**Work order:** Type out the listing below exactly. Pictures stay out of it.

**Data:**
******
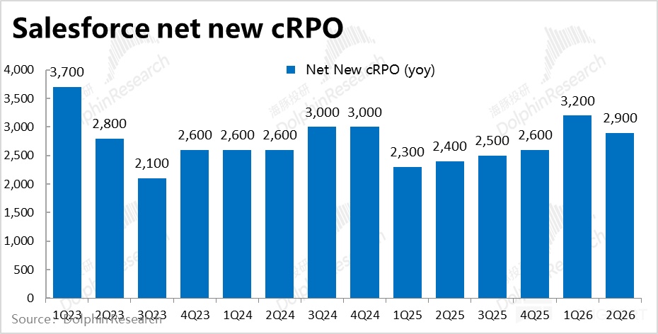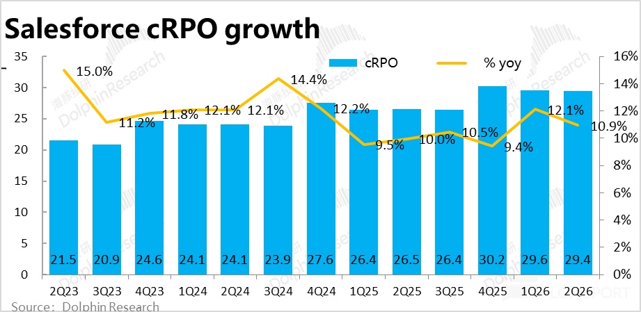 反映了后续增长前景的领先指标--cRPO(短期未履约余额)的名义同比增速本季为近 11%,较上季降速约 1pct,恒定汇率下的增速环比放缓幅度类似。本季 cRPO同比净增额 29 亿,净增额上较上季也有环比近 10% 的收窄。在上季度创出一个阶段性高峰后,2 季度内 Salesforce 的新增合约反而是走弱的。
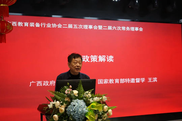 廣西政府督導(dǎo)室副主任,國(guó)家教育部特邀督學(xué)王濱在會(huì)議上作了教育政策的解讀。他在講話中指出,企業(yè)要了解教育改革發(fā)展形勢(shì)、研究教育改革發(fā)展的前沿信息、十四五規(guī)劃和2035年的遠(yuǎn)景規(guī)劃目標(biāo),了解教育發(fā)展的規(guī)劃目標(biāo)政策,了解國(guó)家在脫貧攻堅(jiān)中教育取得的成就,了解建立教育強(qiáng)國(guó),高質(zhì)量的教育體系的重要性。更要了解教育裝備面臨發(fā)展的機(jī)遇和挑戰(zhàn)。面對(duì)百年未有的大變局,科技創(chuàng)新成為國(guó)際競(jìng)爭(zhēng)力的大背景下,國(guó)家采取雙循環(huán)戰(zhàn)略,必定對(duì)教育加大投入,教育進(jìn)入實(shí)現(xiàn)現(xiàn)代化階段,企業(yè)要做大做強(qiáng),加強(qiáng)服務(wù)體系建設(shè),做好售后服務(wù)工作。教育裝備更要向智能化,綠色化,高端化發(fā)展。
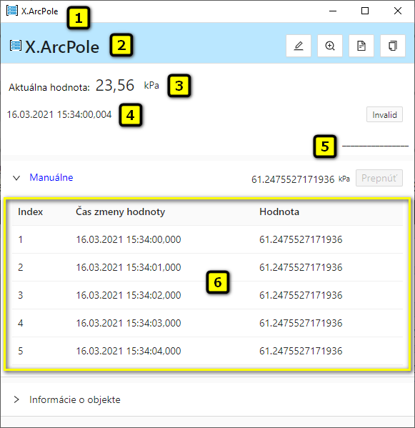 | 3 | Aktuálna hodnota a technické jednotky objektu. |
******
**Written response:**
 反映了后续增长前景的领先指标--cRPO(短期未履约余额)的名义同比增速本季为近 11%,较上季降速约 1pct,恒定汇率下的增速环比放缓幅度类似。本季 cRPO同比净增额 29 亿,净增额上较上季也有环比近 10% 的收窄。在上季度创出一个阶段性高峰后,2 季度内 Salesforce 的新增合约反而是走弱的。
 廣西政府督導(dǎo)室副主任,國(guó)家教育部特邀督學(xué)王濱在會(huì)議上作了教育政策的解讀。他在講話中指出,企業(yè)要了解教育改革發(fā)展形勢(shì)、研究教育改革發(fā)展的前沿信息、十四五規(guī)劃和2035年的遠(yuǎn)景規(guī)劃目標(biāo),了解教育發(fā)展的規(guī)劃目標(biāo)政策,了解國(guó)家在脫貧攻堅(jiān)中教育取得的成就,了解建立教育強(qiáng)國(guó),高質(zhì)量的教育體系的重要性。更要了解教育裝備面臨發(fā)展的機(jī)遇和挑戰(zhàn)。面對(duì)百年未有的大變局,科技創(chuàng)新成為國(guó)際競(jìng)爭(zhēng)力的大背景下,國(guó)家采取雙循環(huán)戰(zhàn)略,必定對(duì)教育加大投入,教育進(jìn)入實(shí)現(xiàn)現(xiàn)代化階段,企業(yè)要做大做強(qiáng),加強(qiáng)服務(wù)體系建設(shè),做好售后服務(wù)工作。教育裝備更要向智能化,綠色化,高端化發(fā)展。
 | 3 | Aktuálna hodnota a technické jednotky objektu. |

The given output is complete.